Flume log collection frame (1)

Flume Introduction

1 Overview

Flume Cloudera is to provide a distributed, highly reliable, and highly available massive log collection, aggregation and transmission systems.

Flume output file can be collected, socket packet, folders and other forms of data sources, and data can be collected to the HDFS, hbase, hive, kafka and other external storage system.

General requirements gathering, through simple configuration of the flume can be realized.

Flume for specific scenes also have a good ability to custom extension, therefore, flume can be used for most routine data collection scenarios.

 

2: operating mechanism

Flume distributed system is the most central role agent, flume acquisition system is the one formed by connecting the agent.

Each agent acts as a data transfer member, the interior has three components:

           a) Source: acquisition source for docking with a data source to obtain data.
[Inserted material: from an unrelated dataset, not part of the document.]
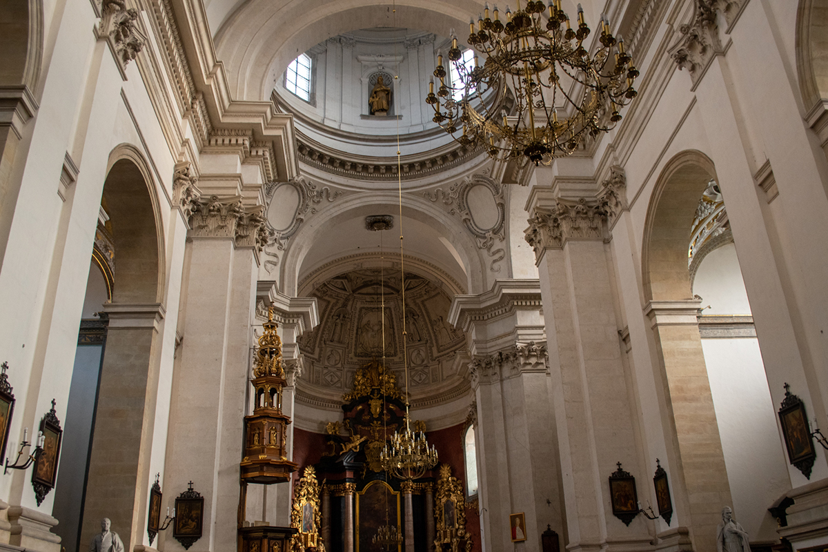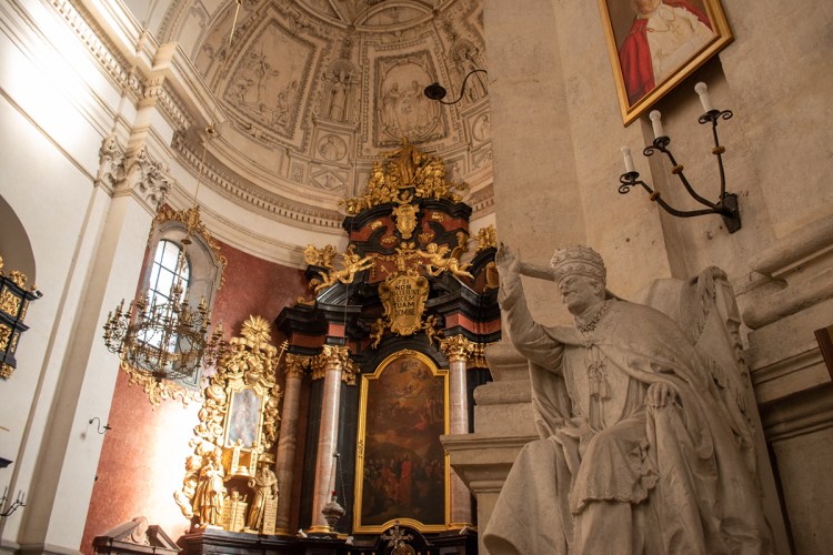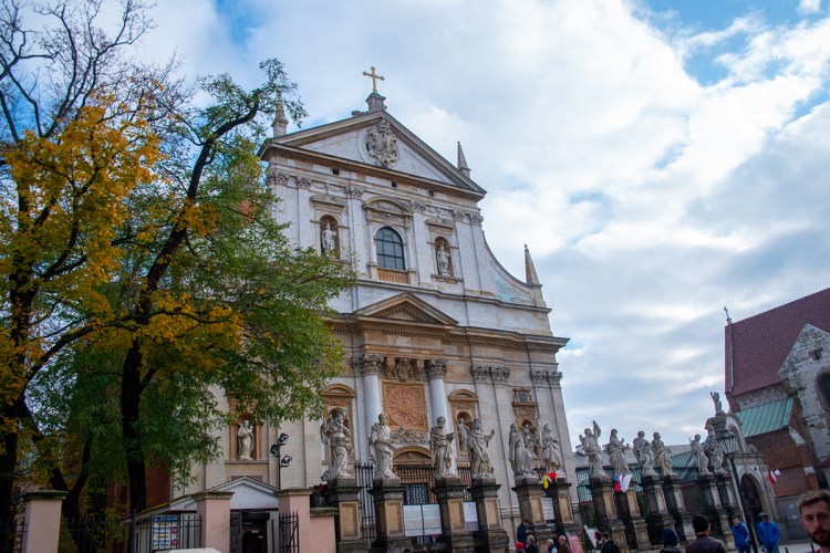 L’ église Saints Pierre et Paul est gratuite. Je m’y suis donc engouffrée. J’aime beaucoup visiter les églises. Ce sont des endroits calmes où je peux m’entendre penser. J’ai été interpellée par la façade avec les statuts des 12 apôtres. Elle a été construire par des Jésuites entre 1597 et 1619. C’est une église de style baroque.

           b) Sink: countersunk transmission destination, data collection, agent data transfer for the next stage or to the final delivery data storage system

           c) Channel: inside angent data transmission channel for transmitting data from the source to the sink.

 

3: complex structures

Series between the multi-level agent

(1) The first: 2 serial agent

(2) The second: a plurality of data acquisition agent be aggregated

(3) Third: The collected data to a different system in the lower layer


Flume real case

1: Flume installation deployment

a) Flume installation is very simple, just unzip can, of course, that there hadoop environment installation package to upload all the data elements on the node

b) then extract tar -zxvf apache-flume-1.6.0-bin.tar.gz

c) the flume into the directory, flume-enc.sh under modified conf, arranged inside JAVA_HOME

Configuration acquisition scheme according to the needs of the data acquisition, is described in the configuration file (the file name can be arbitrarily defined)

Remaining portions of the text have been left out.